2010= Term independent from the polynomial, from roots: [tex]x_1-1, \ x_2-1, \ x_3-1, \ x_4-1[/tex]

[tex]2010=2*3*5*67 \rightarrow{} x_1=-1, \ x_2=-2, \ x_3=-4, \ x_4=-66[/tex]

[tex]P(x)=x^4+73x^3+476x^2+932x+528[/tex]

Therefore:

[tex]q=528[/tex]

Regards.
Solution above is more structured
here is mine
if -a,-b,-c,-d are roots ( a, b, c,d all > 0) then expanding (x+a)(x+b)(x+c)(x+d) shen a+b + c + d = m
ab + bc + ac + ad + bd + cd = n
abc+ bcd+ acd + abd = p
abcd = q
now (1+a)(1+b)(1+c)(1+d) = 1 + ( a+b + c + d) + (ab + bc + ac + ad + bd + cd) + (abc+ bcd+ acd + abd) + abcd = 1+ m + n+ p + q = 2010 = 2 * 3 * 5 * 67
because of symetry considerions we can take a < b < c< d hence a = 1, b = 2, c= 4, d = 66
so q= abcd = 1 * 2 * 4 * 66 = 528
 
Last edited:
  • #4
Well done to both of you and thanks for participating! :cool:

Do you guys have also some intriguing math problems that you could share with us here? Hehehe...(Wink)
 
  • #5


I would approach this problem by first understanding the properties of polynomials and their roots. In this case, we are given that all the roots of the polynomial $P(x)$ are negative integers. This means that the polynomial can be factored as follows:

$P(x) = (x-r_1)(x-r_2)(x-r_3)(x-r_4)$

Where $r_1, r_2, r_3,$ and $r_4$ are the negative integer roots of the polynomial.

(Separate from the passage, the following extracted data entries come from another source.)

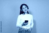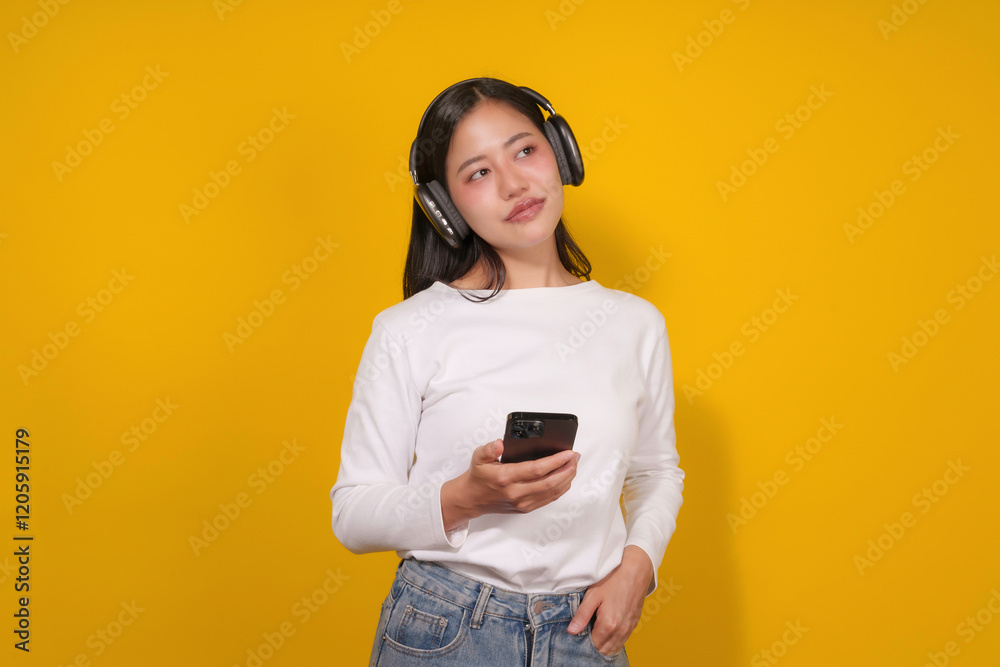 Young woman listening to music with headphones and holding smartphone looking away on yellow background
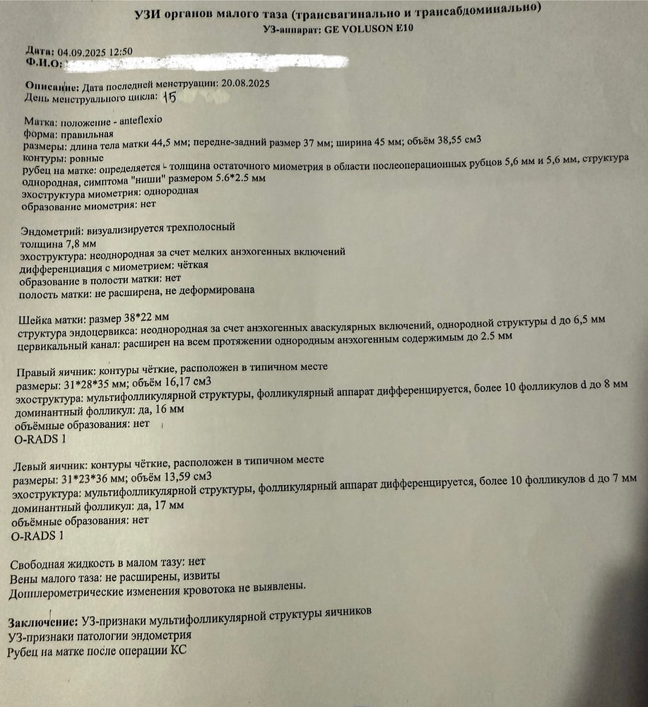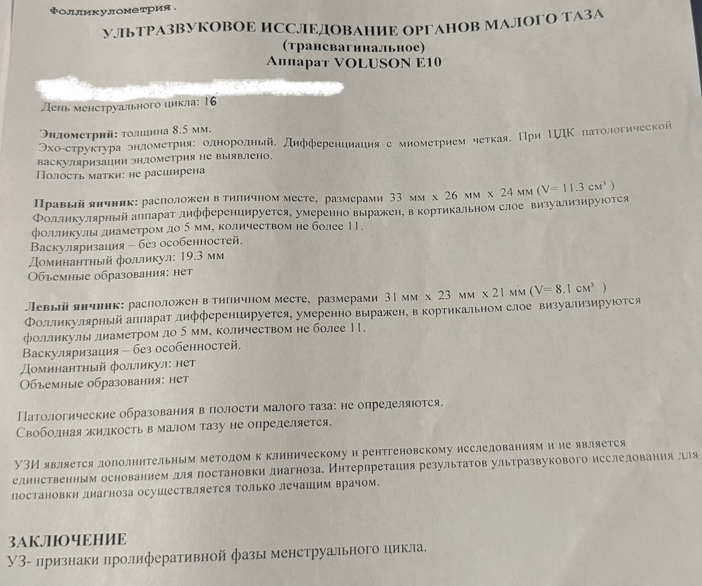 25.08. (5 ДЦ) пошла на узи, т.к. хвост от ХГЧ медленно уходил. Сказали очень тонкий эндометрий, около 2 мм, Фолликулы до 6мм.
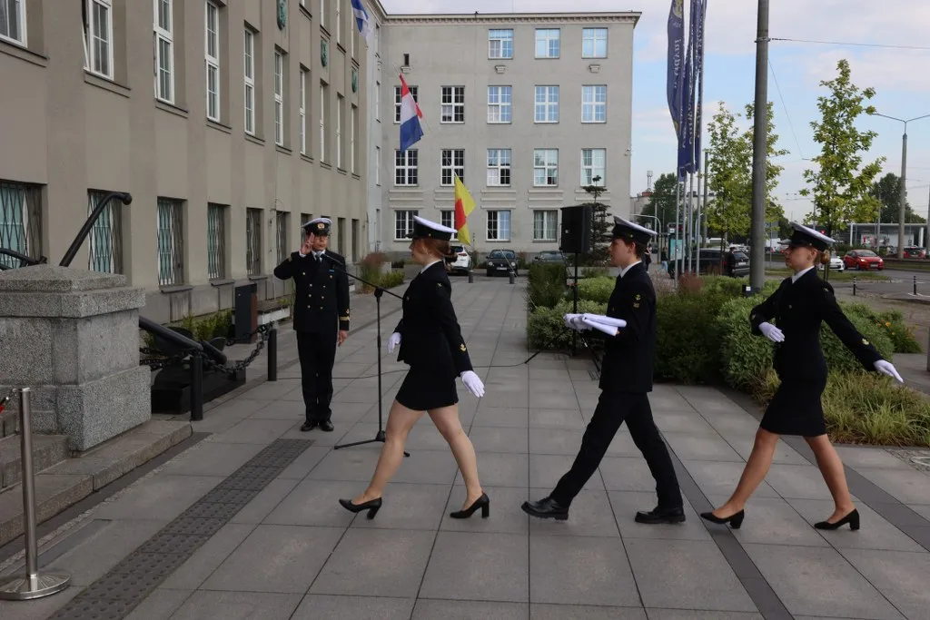 Biało-czerwona bandera Polskiej Marynarki Handlowej została podniesiona na gmachu głównym Uniwersytetu punktualnie o godzinie 8:00.
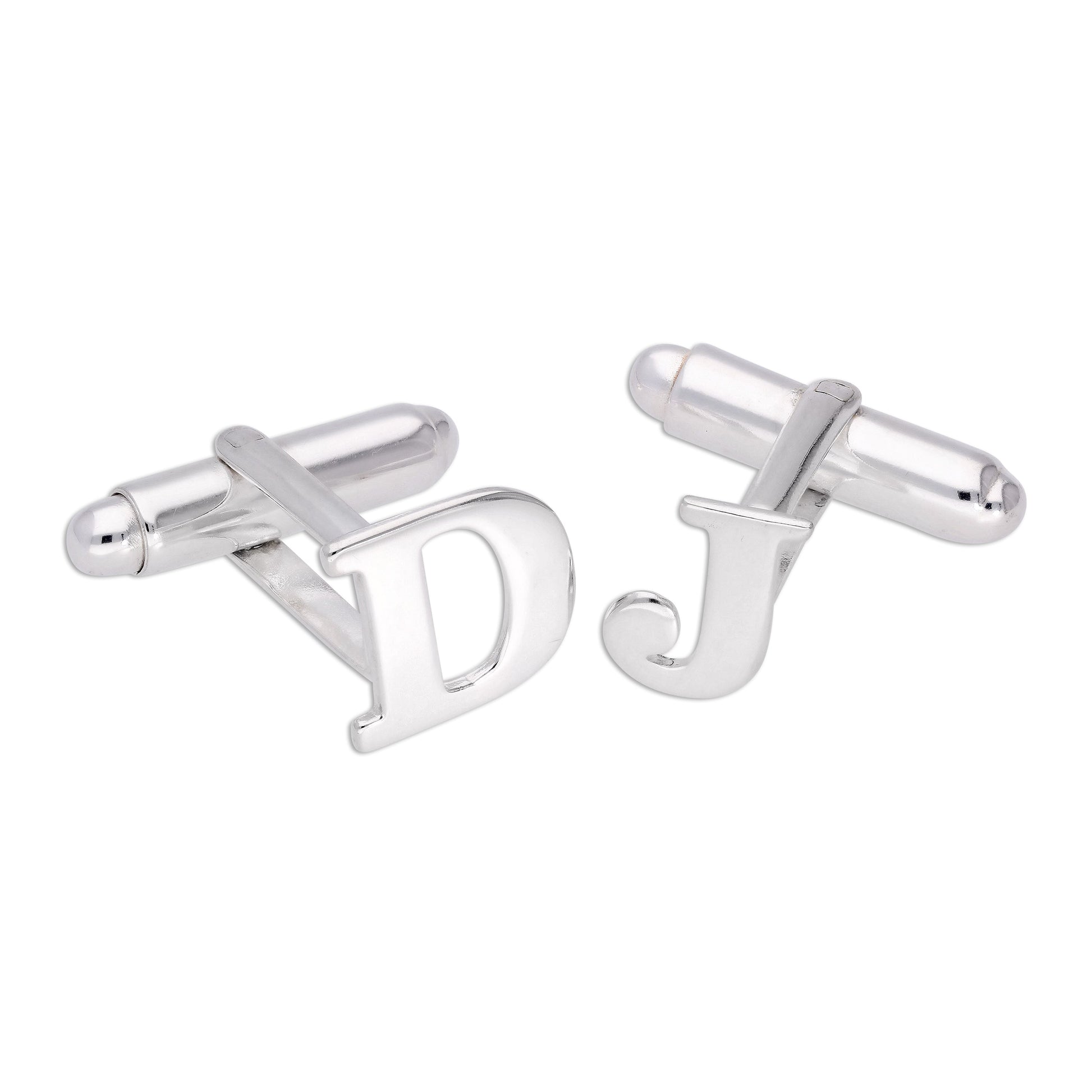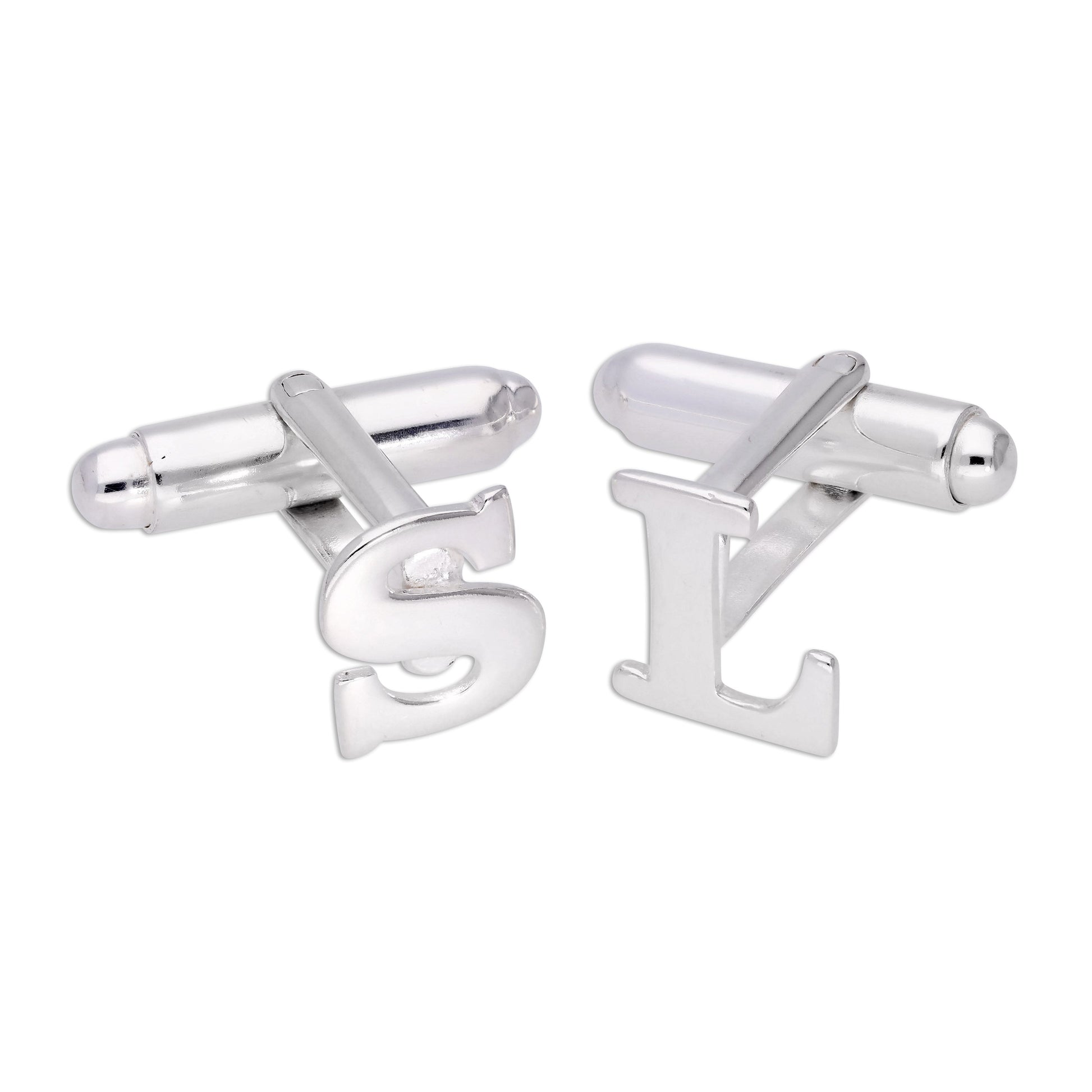 Boutons de manchette pivotants en argent sterling avec lettres de l'alphabet A à Z

Using the distributive property, we can expand this equation to:

$P(x) = x^4 - (r_1+r_2+r_3+r_4)x^3 + (r_1r_2+r_1r_3+r_1r_4+r_2r_3+r_2r_4+r_3r_4)x^2 - (r_1r_2r_3 + r_1r_2r_4 + r_1r_3r_4 + r_2r_3r_4)x + r_1r_2r_3r_4$

Comparing this equation to the given polynomial $P(x) = x^4+mx^3+nx^2+px+q$, we can see that:

$m = -(r_1+r_2+r_3+r_4)$

$n = r_1r_2+r_1r_3+r_1r_4+r_2r_3+r_2r_4+r_3r_4$

$p = -(r_1r_2r_3 + r_1r_2r_4 + r_1r_3r_4 + r_2r_3r_4)$

$q = r_1r_2r_3r_4$

Since we are given that $m+n+p+q=2009$, we can substitute the values of $m, n,$ and $p$ in terms of the roots and solve for $q$:

$-(r_1+r_2+r_3+r_4) + (r_1r_2+r_1r_3+r_1r_4+r_2r_3+r_2r_4+r_3r_4) - (r_1r_2
 

FAQ: Finding $q$ in a Polynomial with Negative Integer Roots

What does it mean for a polynomial to have negative integer roots?

When a polynomial has negative integer roots, it means that when the polynomial is set equal to 0, the solutions to the equation are negative integers. This means that when the polynomial is graphed, it will intersect the x-axis at points with negative integer coordinates.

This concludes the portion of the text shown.